In many cases, you will still need to build a more sophisticated system in which the cleartext value will be exposed only if the user making the request is actually authorized to see that value; in all other cases, the encrypted value will be returned. It is not possible to satisfy this requirement using TDE because TDE decrypts everything indiscriminately. You can, however, achieve this objective by building your own infrastructure using the techniques described in this chapter.

TDE comes with some limitations. For one thing, you can’t have a foreign key column encrypted by TDE; that’s quite a limitation in many business applications. For another, you can create only b*tree indexes on the columns under TDE. These restrictions are irrelevant, however, when you roll out your own encryption routine using PL/SQL.

When deciding whether TDE serves your purposes, the other aspect you must consider is automation. In TDE, the wallet (in which the master key is stored) must be opened by the DBA using a command such as the following:

ALTER SYSTEM SET ENCRYPTION WALLET OPEN AUTHENTICATED BY "pooh";

Here, the password of the wallet is pooh. If the database datafiles (or the redo logs or backups of those files) are stolen, the encrypted columns will remain encrypted because the thief will not know the password, which would allow him to open the wallet.

After every database startup, the wallet must be explicitly opened by the DBA for the encrypted columns to be inserted or accessed. If the wallet is not open, the inserts and accesses to these columns fail. So, that is one extra step that needs to be performed after the database is opened. In addition, you will have to ensure that the person opening the database knows the wallet password.
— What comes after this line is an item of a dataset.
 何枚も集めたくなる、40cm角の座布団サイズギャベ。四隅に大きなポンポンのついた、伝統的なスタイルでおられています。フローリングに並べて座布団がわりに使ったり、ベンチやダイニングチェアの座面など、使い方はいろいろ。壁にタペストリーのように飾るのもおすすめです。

To make such a process easier and more automatic, you might ordinarily consider creating a database startup trigger that calls the ALTER SYSTEM command (just shown) to open the wallet. If you do, however, this startup trigger will remove the only protection from the wallet and, subsequently, the encrypted columns. So, if you are using TDE, you should never use such a startup trigger, and you must be prepared to perform the extra step after each database startup. If you build your own encryption infrastructure, however, it is available as soon as the database is; no additional step is necessary, and no wallet passwords need to be remembered and entered.
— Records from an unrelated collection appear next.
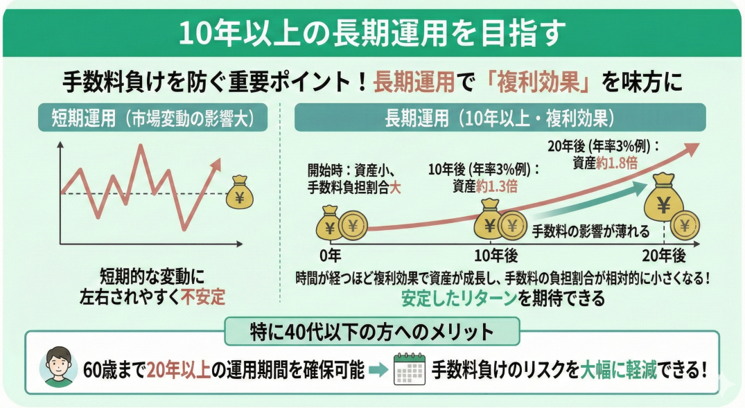 iDeCoで手数料負けを防ぐためには、10年以上の長期運用を目指すことが重要です。
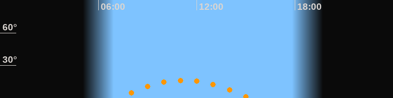| Höchster Stand (Kulmination) | 11:13 Uhr (h = 16,5°) |
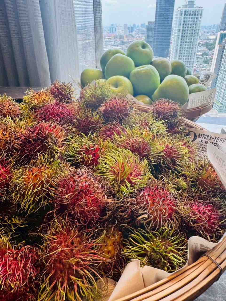 クラブラウンジには大量のライチなどの果物。いいねー。
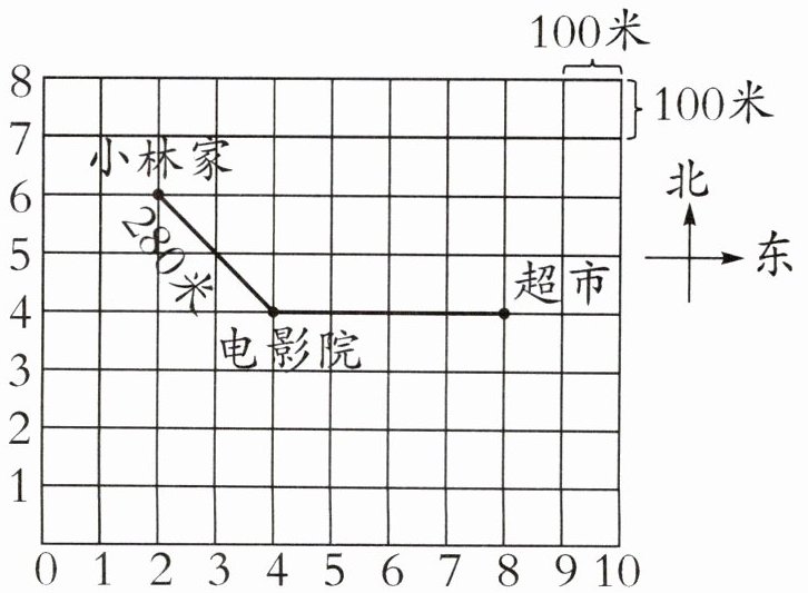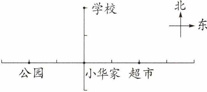 A [提示]学校与小华家相距两格,是1000米,所以每格代表500米,从家向东走1200米,就是两格多一些,到了超市的右侧,也就是超市的东面。
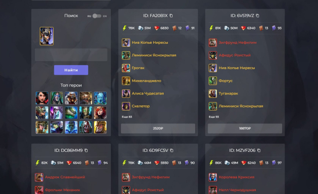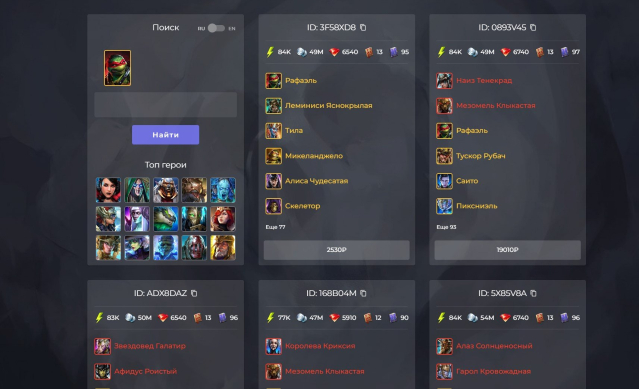 Если нашли тот который понравился, отправьте мне в чат ID выбранного аккаунта. Например — «D3SC771»
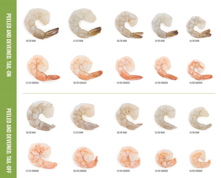 I redesigned the guide on a 17×17 format to accommodate all shrimp sizes, brand elements, and explanatory text without compromising clarity. I organized the shrimp illustrations so that raw and cooked sizes were clearly correlated, and separated “tail on” from “tail off” sizes to create a logical, easy-to-read structure. I communicated with the marketing team to show how the updated layout improved usability and readability while maintaining brand standards, addressing their concerns about cost and ensuring everyone understood the reasoning behind the design choices.

In summary, TDE is a limited capability. It offers a quick and easy way to encrypt datafiles, redo logs, and backup files. However, it does not protect the data by discriminating among users; it always decrypts upon access. If you need to have more control over the decryption process, then you will have to rely on your own encryption infrastructure.
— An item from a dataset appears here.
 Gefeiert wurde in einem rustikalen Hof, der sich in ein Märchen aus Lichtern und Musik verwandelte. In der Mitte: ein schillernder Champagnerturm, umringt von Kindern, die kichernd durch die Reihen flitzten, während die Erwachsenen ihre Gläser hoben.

Transparent Tablespace Encryption

The problems with TDE and, to a lesser extent, user-written encryption with regard to application performance can be summed up as follows:

§ TDE negates the use of indexes for queries with a range scan, since there is no pattern correlation of the table data to the index entry. User-written encryption offers only limited opportunities to use indexes.

§ Querying the encrypted data requires decryption of that data, which results in significant additional CPU consumption.

The impact of these problems means that in real-world application development TDE is often rejected as unfeasible, while the extensive coding requirements for user-written encryption via DBMS_CRYPTO pose a significant challenge for many organizations.

To address these drawbacks, Oracle Database 11g introduced a new feature: transparent tablespace encryption (TTE). With TTE, a user can define an entire tablespace, rather than an individual table, as encrypted. Here is an example of creating an encrypted tablespace:

TABLESPACE securets1

DATAFILE '+DG1/securets1_01.dbf'

SIZE 10M

ENCRYPTION USING 'AES128'

DEFAULT STORAGE (ENCRYPT)

Whenever you create an object in this tablespace, it will be converted to an encrypted format via an AES algorithm using a 128-bit key. You must have already set up the wallet and opened it as described in the previous section. The encryption key is stored in the ENC$ table in an encrypted manner, and the key to that encryption is stored in the wallet, as it is in TDE. Of course, the wallet must be opened prior to tablespace creation.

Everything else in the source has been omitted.